A few months into our service in Uganda, some conversations with God bred a lot of deep question marks.
Personally, serving overseas had been a dream I’d shelved. When I first met my husband, he hadn’t seen himself going overseas. So when, through circumstances I’d never foreseen, we walked/toddled/wheeled ourselves from a 757 into East African humidity, I was on cloud nine.
But I was also homeschooling (another unanticipated occupation), raising four kids, managing a household with a lot fewer appliances. There I was, in Africa at last. And my days were largely similar to before: discipling kids, making grilled cheese.
Frederick Buechner once wrote, “The place where God calls you to is the place where your deep gladness and the world’s deep hunger meet.” At first glance, I love this idea.
So close to my dream I could smell it (…literally), was motherhood always my “deep gladness”? I never felt enough: My kids could use someone with a longer fuse, about three more pairs of arms, and a passion for dishwashing. Seemed like most of my passions were collecting dust (also literally) while I wiped pretty much everything else.
Yet service isn’t just what we’re emotional about. It’s also what enduring love requires, creating gladness on a much deeper plane. Willingly choosing people over dreams and sweet spots. Paul Miller writes, “Nothing is easier to start; nothing is harder to finish than [faithful, persevering] love.” Though God’s gifted us for the occasion at hand, if we only follow “gifting,” we may miss rich moments of pouring ourselves out because we choose to care.

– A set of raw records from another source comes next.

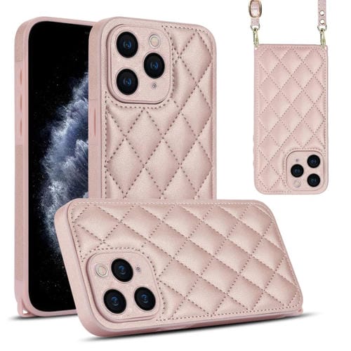 Estuche para Teléfono iPhone 11 Pro Textura Rómbica y Cordón Doble (Oro Rosa)
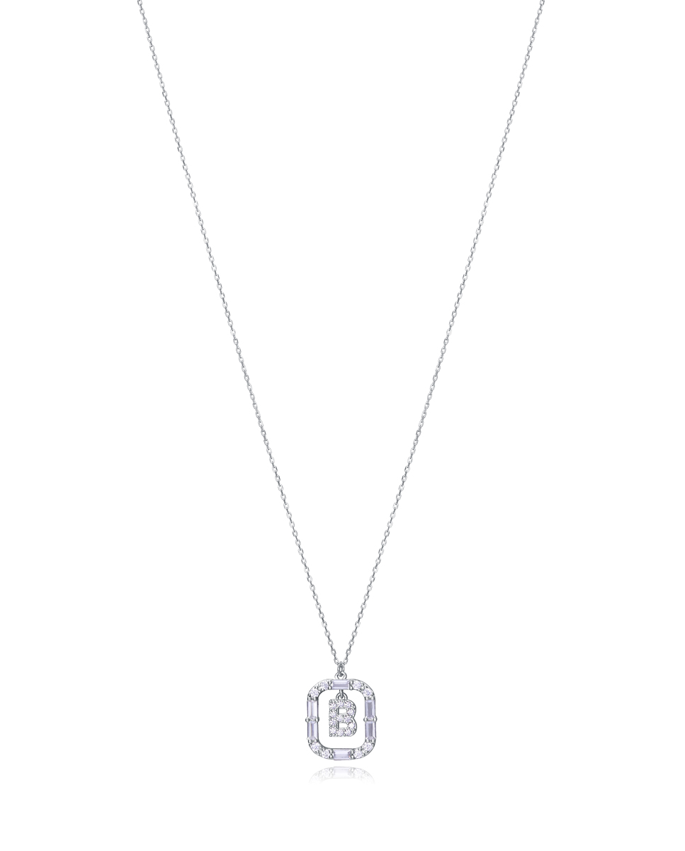 Collar con la letra B de plata y circonitas blancas de 42 cm de largo. Luce una joya personalizada y realizada con los mejores materiales, con extremo mimo y cuidado. Un colgante que te acompañe siempre, con el que llenar de buenos momentos la vida. Brilla como solo tú sabes. Longitud: 42 cm.
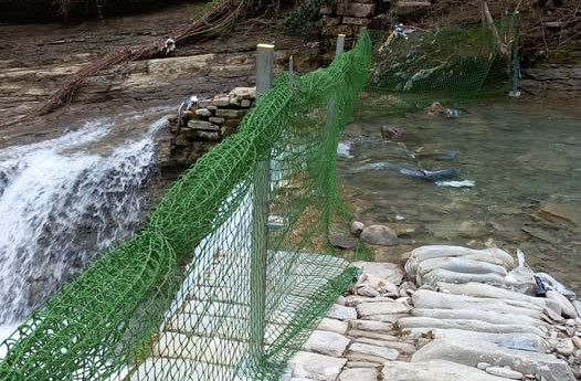 PALAZZUOLO SUL SENIO — Reti di contenimento per far fronte all'emergenza derivante dai rifiuti dispersi sulle sponde del fiume Rovigo, in località Le Spiagge a Palazzuolo sul Senio, dopo che il maltempo eccezionale del 14 e 15 marzo scorso ha riportato alla luce una discarica degli anni ‘70.
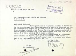 El Círculo de Reus es mostra conforme en que les representacions del Teatre Català Modern es facin al Teatre Fortuny. Data del document: 26-03-1958
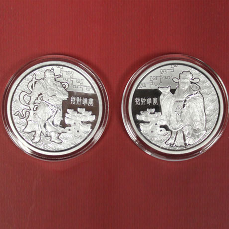 【名 称】招财进宝银质双枚章【材 质】纯银(1盎司X2枚)Ag999【规 格】40mm【发行量】6800套【铸造厂】南京造币厂【产品介绍】正面图案分别以中国传统文化中的“文财神”--财帛星君、“武财神”--关圣帝君,结合“招财进宝”文字、元宝。古钱币、祥云等图案进行构图设计,寓意家庭幸福、富裕安康、事业兴旺、财源广进、礼信天下、海纳百川。背面图案统一为“招财进宝”艺术书法文字
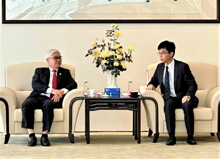 蔡展思总裁欢迎阮文利书记一行来访。他指出,jinnianhui今年会在越南深耕60余年,在越投资诸多领域,对越南市场有着深入的了解。平阳省是工业大省,在智能制造、物流、储能等产业有着强劲竞争力。而粤港澳大湾区经济实力处于世界湾区前列,广东省在制造业方面也有雄厚基础。建立起平阳省与粤港澳大湾区合作与联系,可以积极促进两国经济发展,帮助企业拓展国际市场。
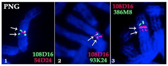 The duplication of the X chromosome segment in Pseudoryx nghetinhensis (PNG) shown by dual color FISH of cattle BAC-clones (pink and green) from CHORI-240 library. Three FISH experiments illustrate the revealed order of BACs on the X chromosome: 386M8, 108D16, 54D24, 93K24, 108D16. White arrows indicate the duplicated region corresponding to 108D16: 1, 2 –54D24 and 93K24 are between duplicated regions, 3 –386M8 is outside of duplicated region.
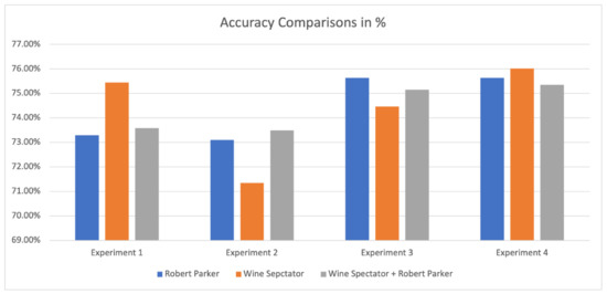 The final experiment used all attributes extracted from the computational wine wheel. This experiment was used to evaluate if having more details can lead to better results. In Table 6, it can be seen that almost all of the results are better than or compatible with those of other experiments. Wine Spectator’s dataset achieved the highest accuracy; this is the only accuracy that is higher than 76%, which means that having more details leads to a more accurate result. Both the results of Robert Parker and those of the combination increased by about 2%, which means that improving Robert Parker’s accuracy could affect the combination’s accuracy.
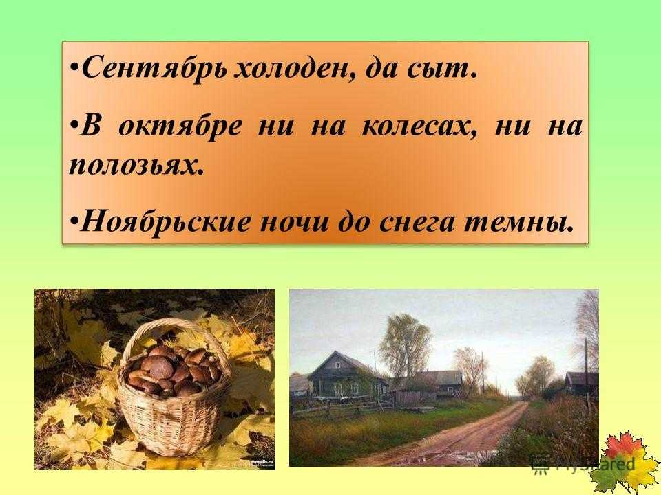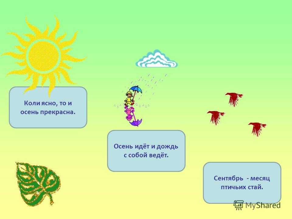 Коли ясно, то и осень прекрасна. Осень идёт и дождь с собой ведёт. Сентябрь — месяц птичьих стай.
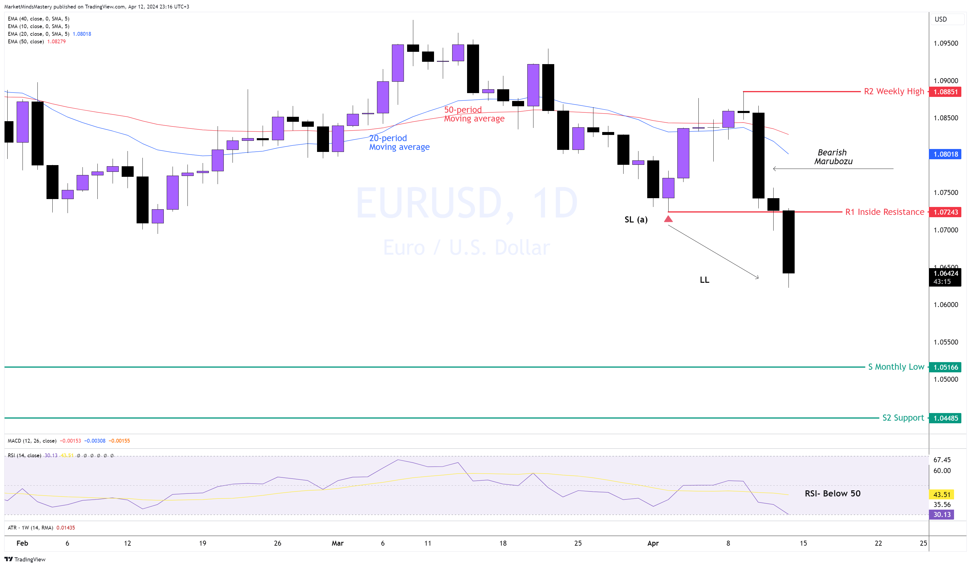 Quindi, la struttura del mercato sul grafico giornaliero si è spostata, con il SL (a) (swing low al punto a) che è stato rotto.Indica uno sbilanciamento tra ordini di acquisto e di vendita, che è ribassista. Inoltre, la media mobile a 20 periodi ha incrociato la media mobile a 50 periodi, indicando un ribasso. RSI è al di sotto di 50, anch'esso con implicazioni ribassiste. Queste tendenze suggeriscono che se il prezzo continua a muoversi verso il basso, la prima area di supporto, S1, è un livello mensile di circa 1,05166. Se il prezzo supera e scende ulteriormente, il supporto successivo, S2, si trova intorno a 1,04485. Se il prezzo si muove verso l'alto, la prima area di resistenza, R1, è una resistenza interna intorno a 1,07243. Se il prezzo la penetra e si muove verso l'alto, le medie mobili a 20 e 50 periodi dovrebbero agire come resistenza dinamica del mercato.
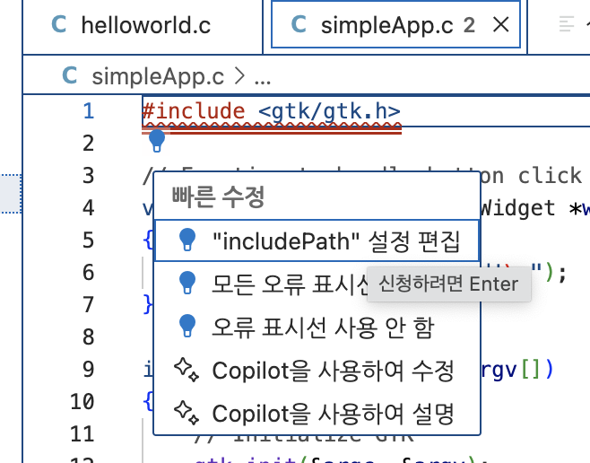 개발환경 컴퓨터 : MacBook Pro 13 M2, 2022년 모델 MacOS Version : Sonoma 14.1.1 IDE : Visual Studio Code v1.85.0 Mac OS 에서 간단한 GUI 응용 프로그램을 예제로 만들려고 하는데, 다음과 같은 에러가 발생했습니다. simpleApp.c:1:10: fatal error: 'gtk/gtk.h' file not found#include 터미널 앱에서 Brew 명령어로 gtk brew install gtk+3 brew install gtk+ 를 설치를 하였지만 같은 에러가 발생하였습니다. Visual Studio Code에서 path를 설정을 해줘야 하는건까요? 'Copilot을 사용하여 수정'을 시도해보았습니다. 똑같이 에러가 발생했습..
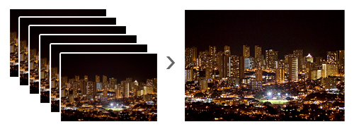 シーンセレクションの「手持ち夜景」モードは、高速連写した6枚の画像を重ね合わせることで、手ブレやノイズを抑えた、鮮やかな夜景を三脚なしで高感度で撮影できます。
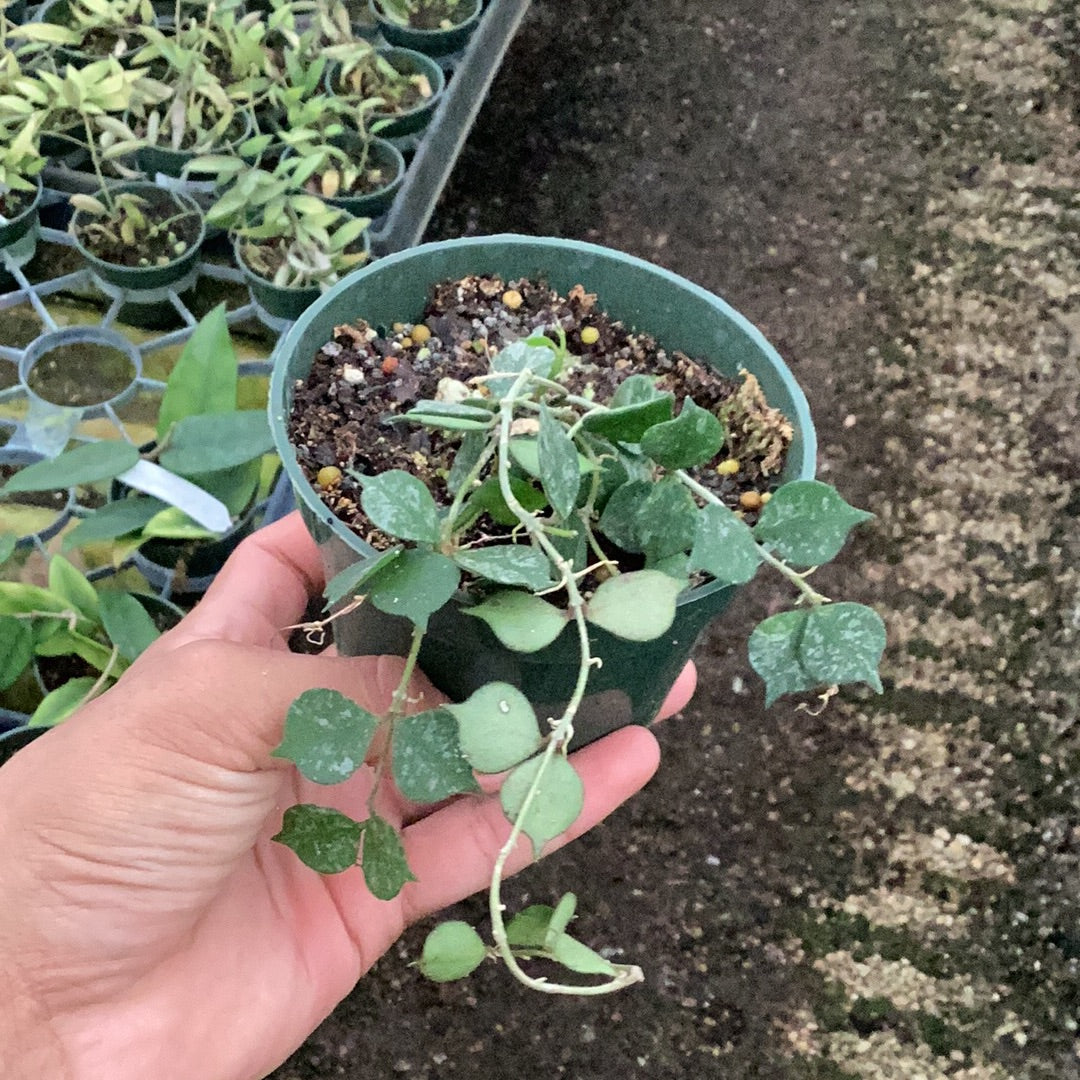 It is a charming species of Hoya with small, succulent-like leaves adorned with silver speckles. Its trailing vines and clusters of star-shaped, white flowers with pink centers make it a delightful addition to any plant collection, thriving in bright, indirect light conditions.

Yet if we only serve because it’s the right thing to do, we run the risk of martyrdom, and the “elder son” syndrome – distant from the Father, resisting the table’s celebration for the fields’ sweat.
We know Jesus said both: “No one takes [my life] from me, but I lay it down of my own accord” (John 10:18), but also that He chose to do only what He saw God doing (John 5:19), and chose even the Cross because of the joy that would emerge from it (Hebrews 12:2).
Richard Foster elaborates, “Joy, not grit, is the hallmark of holy obedience.” And that’s whether the work kindles happiness, or we choose it.
Are you more likely to choose what’s hard for God (because you “should”), or what’s easy? Why?
I tend to think God wants me to choose what’s hard—perhaps because I have a staunch distrust of my desires. Truthfully, my desires are both corrupted and carrying the image of God. I’m aiming now to have a keen eye for both.